Some digital promises need people to check who made them using special computer programs. But with digital contracts, you don’t always need a person in the middle. The computer checks everything for you. Sure, it’s a bit technical. You will have to learn about a thing called Solidity and later you will also hear about NFTs.
What’s cool about these online contracts is that they’re easy to use. Even if you don’t understand all the computer stuff behind them, it’s like using a computer or phone: you don’t need to know how it’s built to use it!
What Blockchain has Smart Contracts?
You might have heard of Ethereum, the best-in-class blockchain to use smart contracts. But there are other options too, like EOS, Cardano, NEO, and QTUM. Each of these has its own cool features. Just like when a guy named Buterin made Ethereum in 2013, these newer technologies are also getting better and better.
Blockchain is like a digital ledger or notebook that keeps track of transactions. Think of it as a chain of blocks, where each block has information. One cool thing it brought us is called a “smart contract”. The blockchain model was invented back in 2009. Smart Contracts blockchain explained is as simple as adding both technologies together.

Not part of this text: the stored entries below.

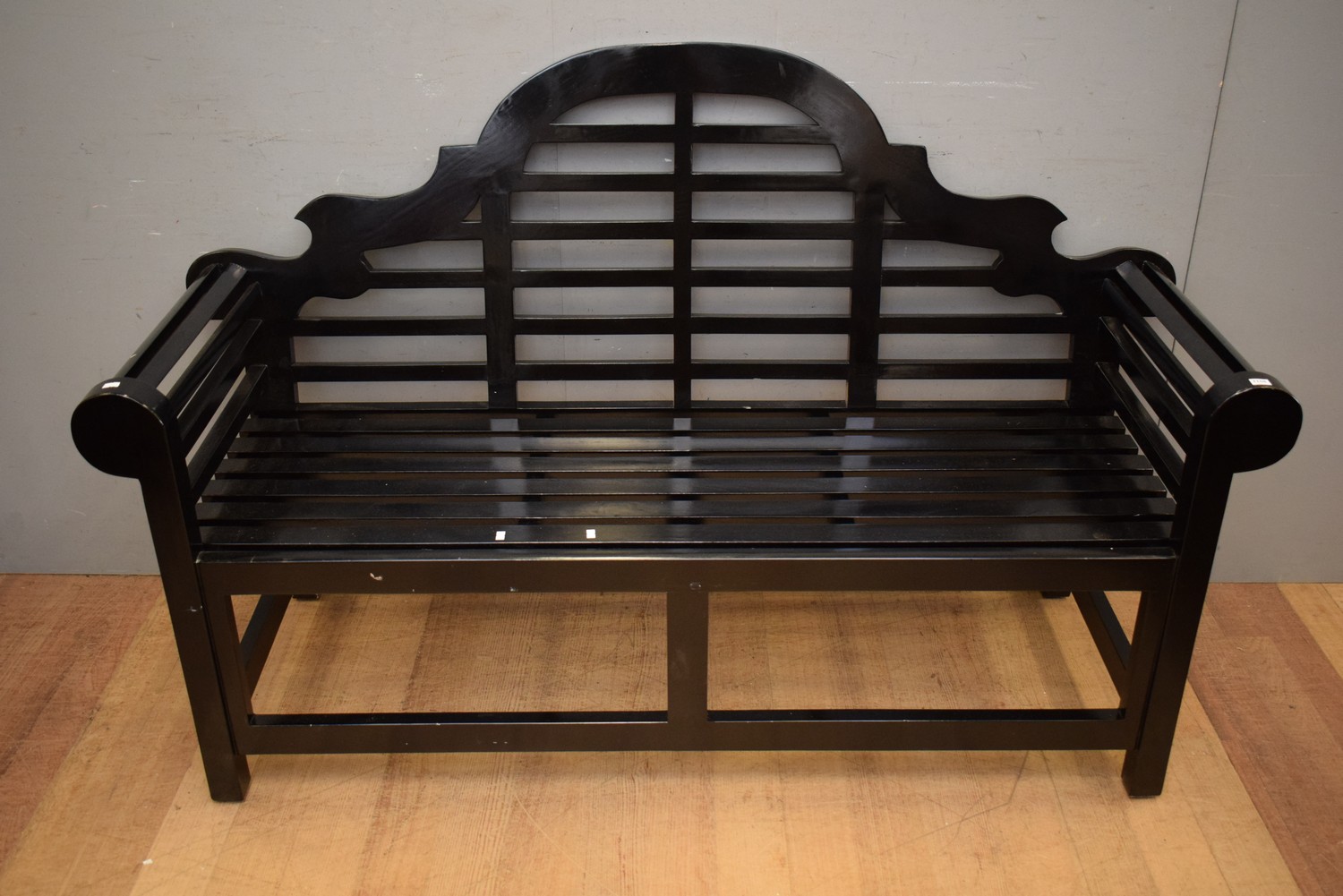 A LUTYENS TEAK BENCH SEAT IN WATERPROOF LACQUER FINISH (105H x 166W x 62D CM) (LEONARD JOEL DELIVERY SIZE: LARGE)
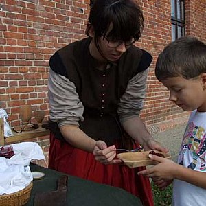 W niedzielę przyszła pora na historyczne gotowanie. Do obozowej kuchni rozstawionej na Plantach na terenie strzelnicy Historica Experimentum (przy budynku Muzeum Rzeźby prof. Koniecznego) zapraszała Małgorzata Momot. Członkini Zamojskiego Bractwa Rycerskiego wspólnie z Katarzyną Kamińską, koordynatorem całego przedsięwzięcia, przyrządzały różne przysmaki. Uczestnicy warsztatów mogli zobaczyć jak przyrządzano posiłki i spróbować dawnego jedzenia. Robiono podpłomyki oraz kurczaka na maśle z rodzynkami w zalewie piwnej. Były też dodatki w postaci serów i marmolad.
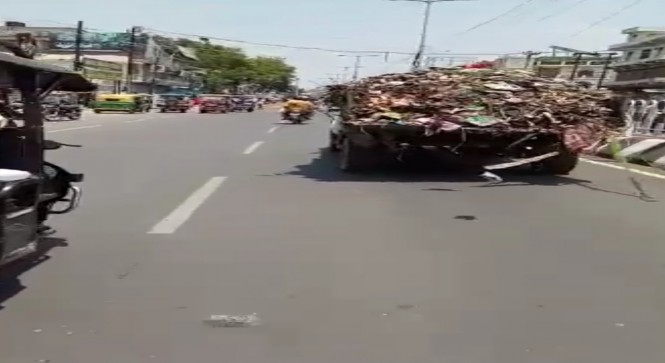 तेज़ी से सड़कों पर कूड़ा गिराते हुए दौड़ा रहे नगर निगम वाहन।
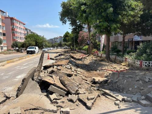 "Mehmetçik Caddesi’nde, Atatürk Bulvarı’ndan Kültür Merkezi’ne kadar uzanan karşılıklı yaya kaldırımlarının yapımına başladık."
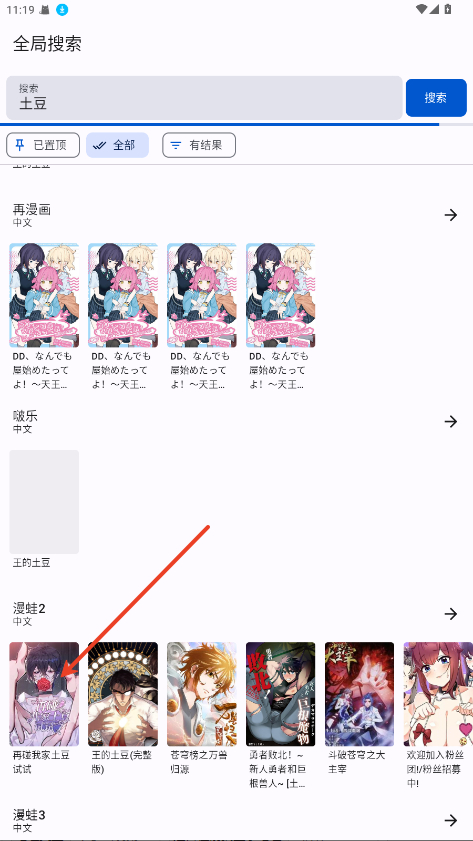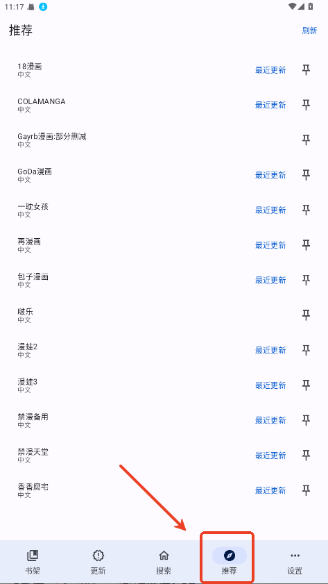也可以在推荐内通过进入各种漫画源导航内查看热门漫画。
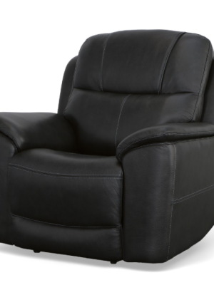 Flexsteel Crew Leather Power Recliner with Power Headrest & Lumbar, Raven
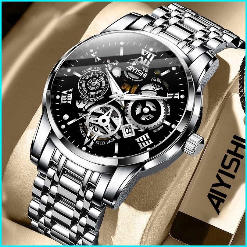 New Sale Jam Tangan Pria Original Display Kuarsa Cahaya Malam Anti Air Tali Stainless Steel Santai Mode Jam Tangan Cowok
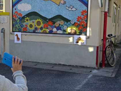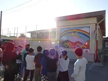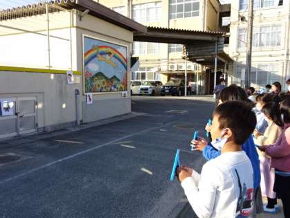 「太陽の光」の学習です。鏡で太陽の光をはね返して的に当てながら、光の進み方を調べました。

There’s a special place called Ethereum where lots of these online contracts live. People can make apps there using these digital agreements, which can help in things like banking, insurance payment, shipment, tracking goods, selling houses, and more. Because of these online arrangements, things can be done quicker, cheaper, and more honestly.
Smart Contract Meaning
A smart contract means having a digital agreement that can work by itself without needing someone to check on it. Imagine two friends making a deal, and instead of relying on another friend to make sure it’s kept, there’s a computer program that ensures the deal is done.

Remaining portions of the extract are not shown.